- Activity: Could you return, exactly as written, every line from the one containing "今週も2年生は寒さに負けず、" through the last line of the entries below, leaving out the pictures?

Extracted data entries
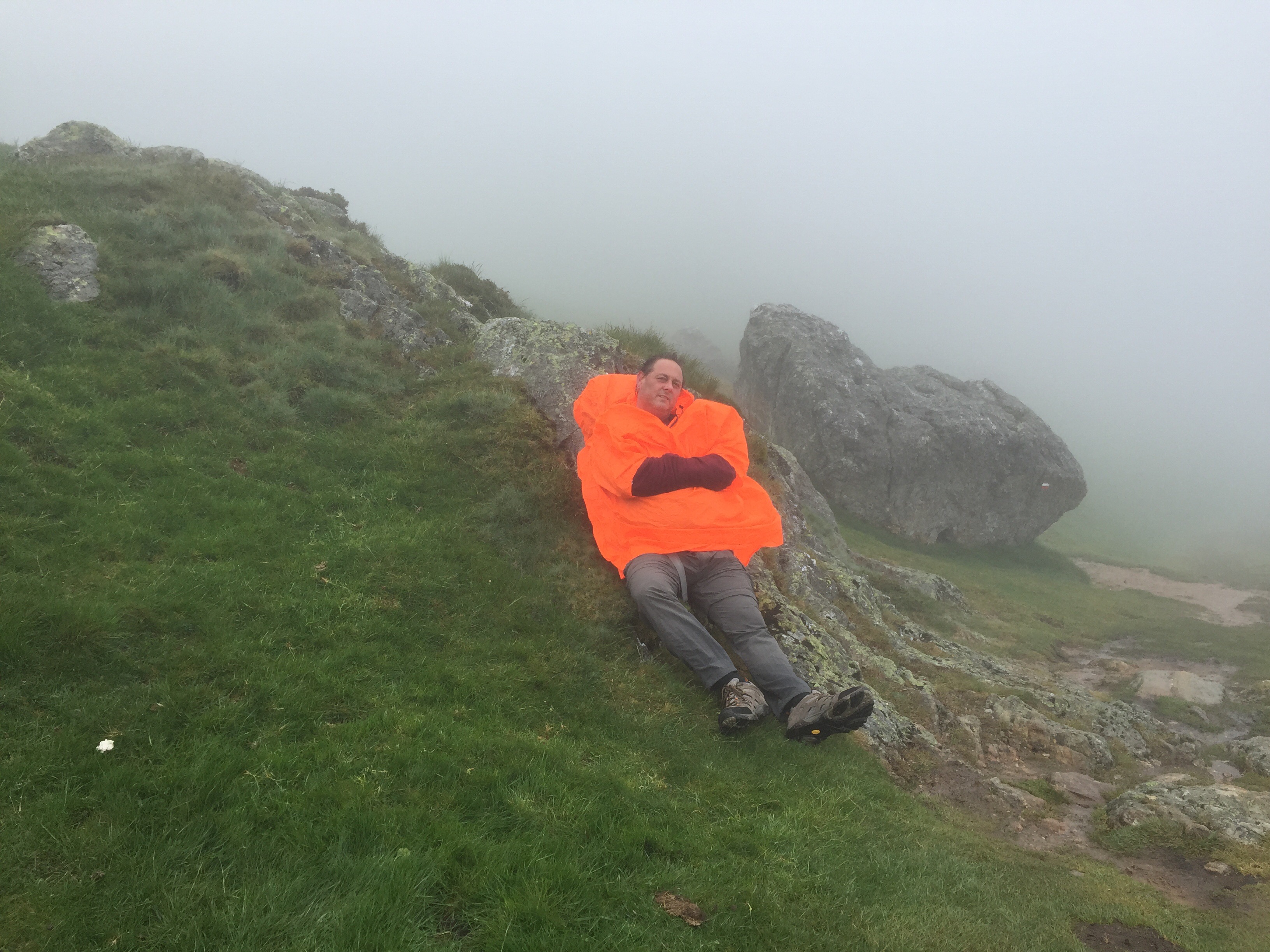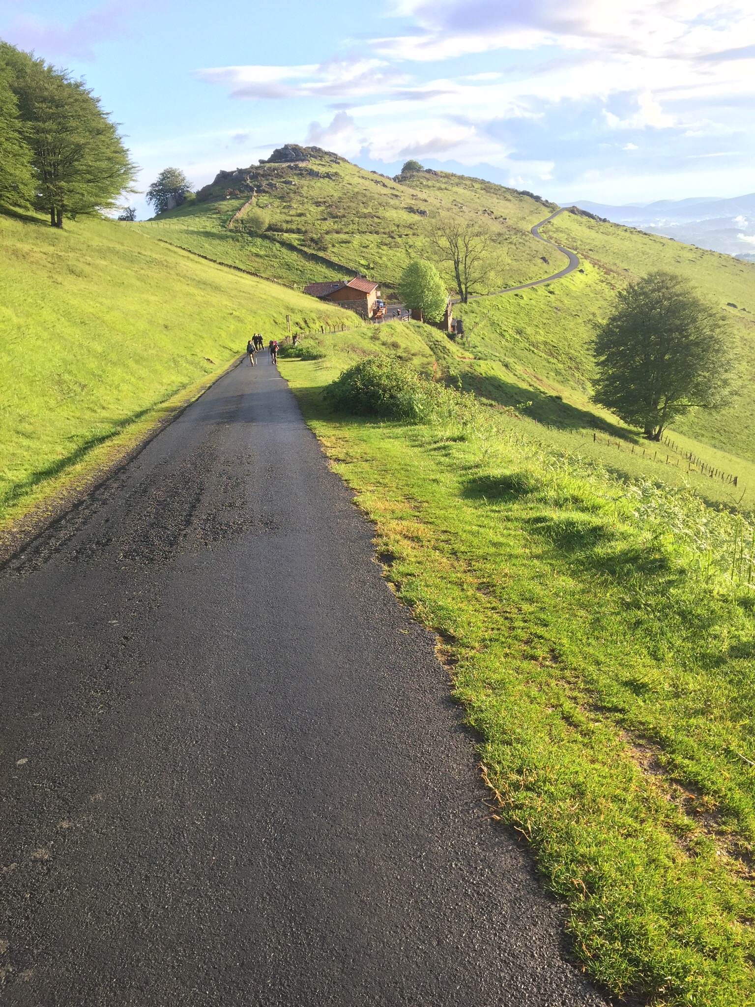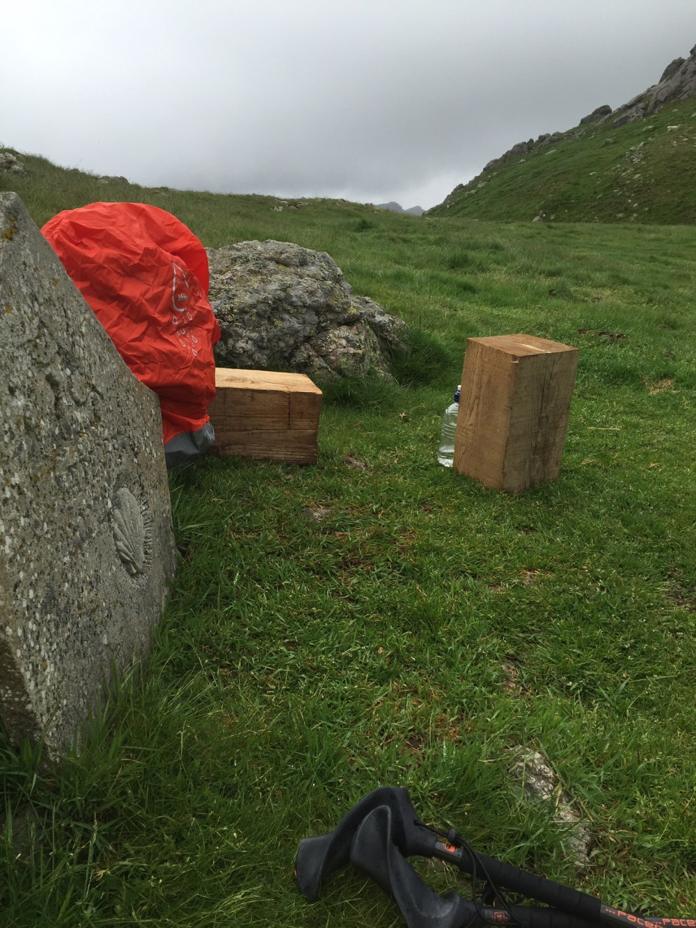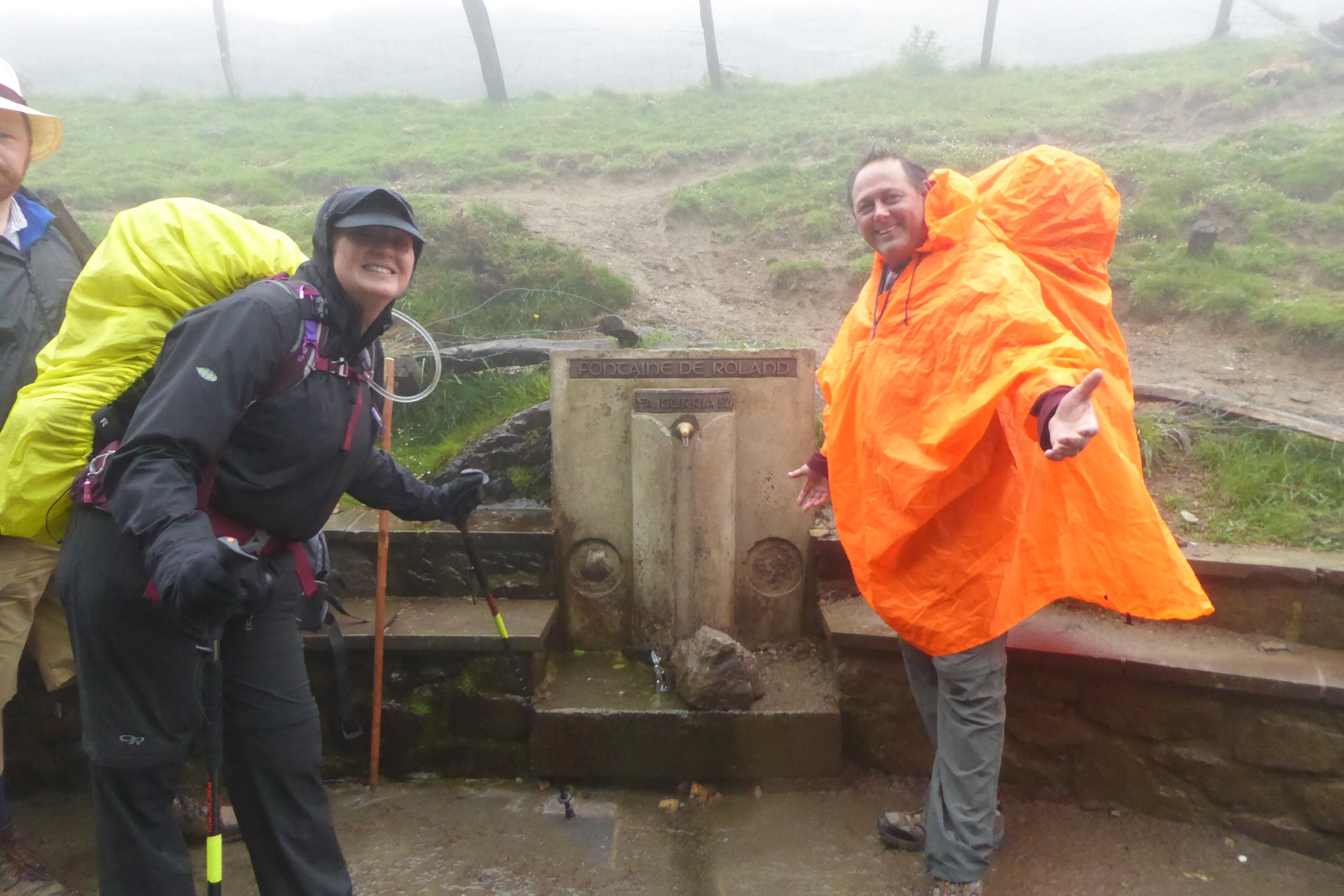 Like a stroll in the park for some that is. While we were eating dinner last night there had been some rain and thunder and, just as the resident comedian and chef at St Jean had predicted, it was not before we had reached Orisson. This rain had created the beautiful rainbow yesterday so we went to sleep on full stomachs literally sleeping above the clouds.
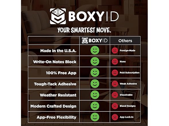 - Family-Owned and Proudly Made in the USA: As a family-owned business, we are passionate about creating products that simplify and enhance everyday life. BoxyID was developed with the same care and attention to detail as our CrateID system, ensuring the highest quality and practicality. Proudly made in the USA, our smart labeling system makes moving easier, more organized, and less stressful for families everywhere.
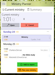 For Jehovah's Witnesses' ministry. Plan your ministry, add it to your calendar and keep track of your ministry time, placed publications, shown videos, return visits. Set and reach your goals for month, week and day. Pioneers will always know how much time they still need to plan for ministry by the end of the month or week. (this is not an official app of Jehovah's Witnesses organization)
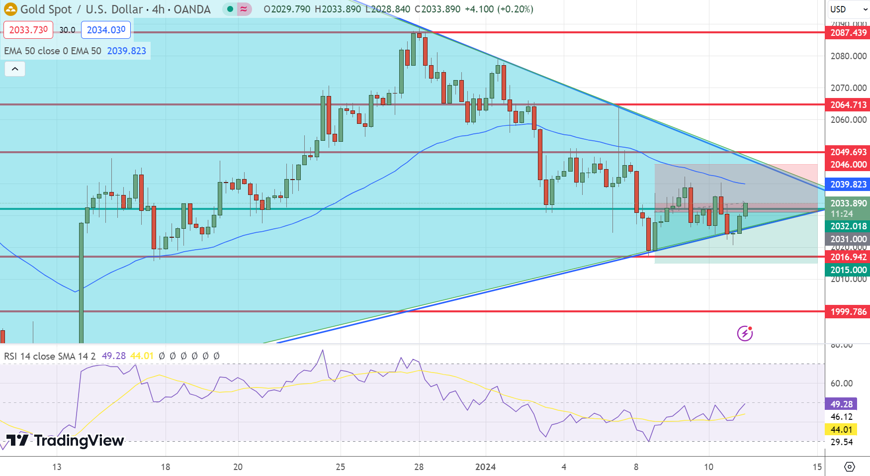 Gold’s current positive momentum is partly due to market adjustments ahead of the US inflation figures. The market initially reacted to the Fed’s dovish stance in December, anticipating substantial rate cuts by 2024. However, robust US economic indicators and mixed messages from Fed officials have led to a reassessment of these aggressive easing expectations.
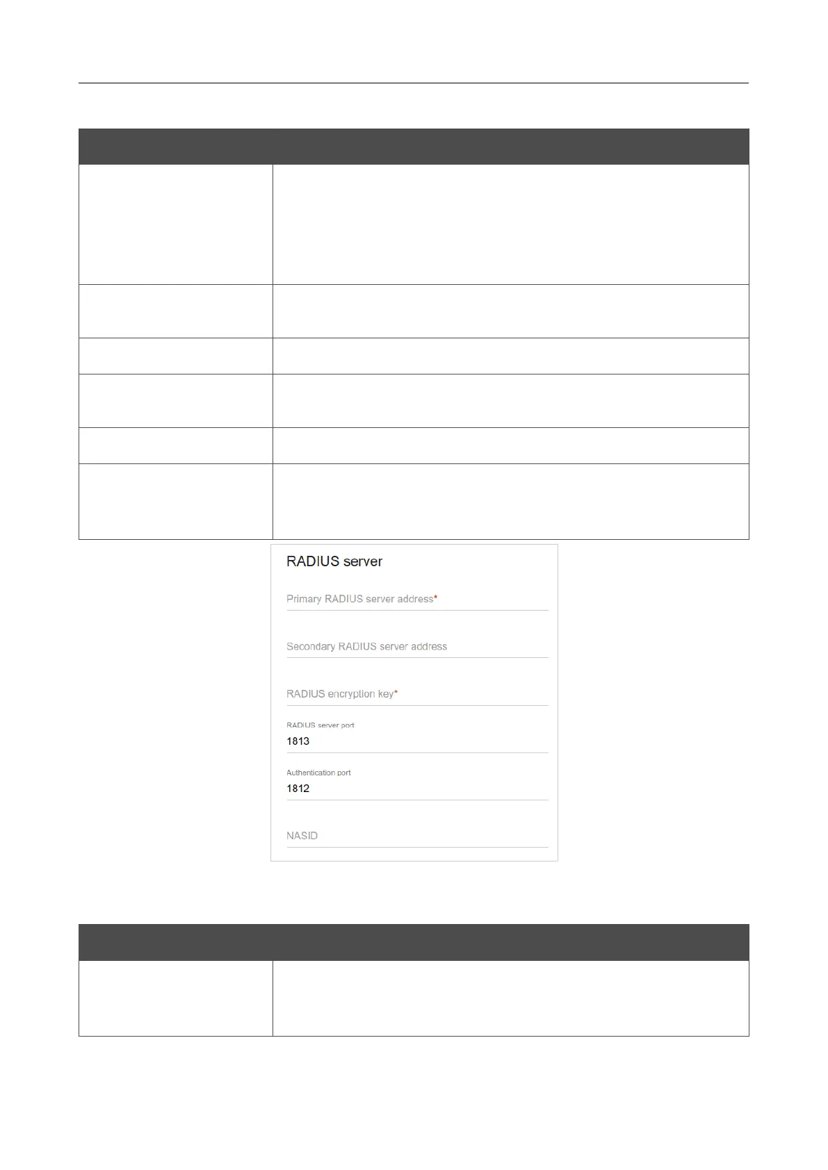 In the RADIUS server section, you can specify the following parameters:
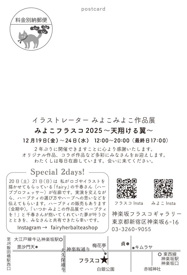 かぐらむらに掲載していた四コマ漫画『神楽坂の親ビン』でもお馴染みの、イラストレーターみよこみよこの2年ぶりの個展です。
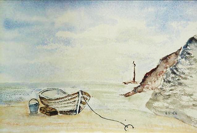 “Rowboat” watercolour by my spouse, Norman Ayre, (C)1991
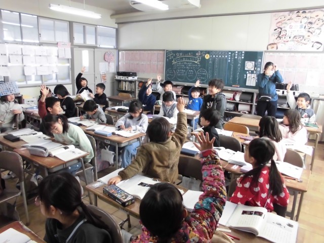 今週も2年生は寒さに負けず、たくさんのことを学習しています。体育の時間には、ボール蹴りゲームにチャレンジしています。算数では、1mものさしを使って、身の回りからおよそ1mのものさがしをしました。窓の高さ、床からドアの取っ手の高さなどたくさん見つけました。明日は学校公開日です。ご参観をおまちしています。
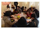 アーティスト、高橋匡太(※1)と一緒に、果実袋に「笑顔」を描くワークショップ。

- Task response:
 今週も2年生は寒さに負けず、たくさんのことを学習しています。体育の時間には、ボール蹴りゲームにチャレンジしています。算数では、1mものさしを使って、身の回りからおよそ1mのものさがしをしました。窓の高さ、床からドアの取っ手の高さなどたくさん見つけました。明日は学校公開日です。ご参観をおまちしています。
 アーティスト、高橋匡太(※1)と一緒に、果実袋に「笑顔」を描くワークショップ。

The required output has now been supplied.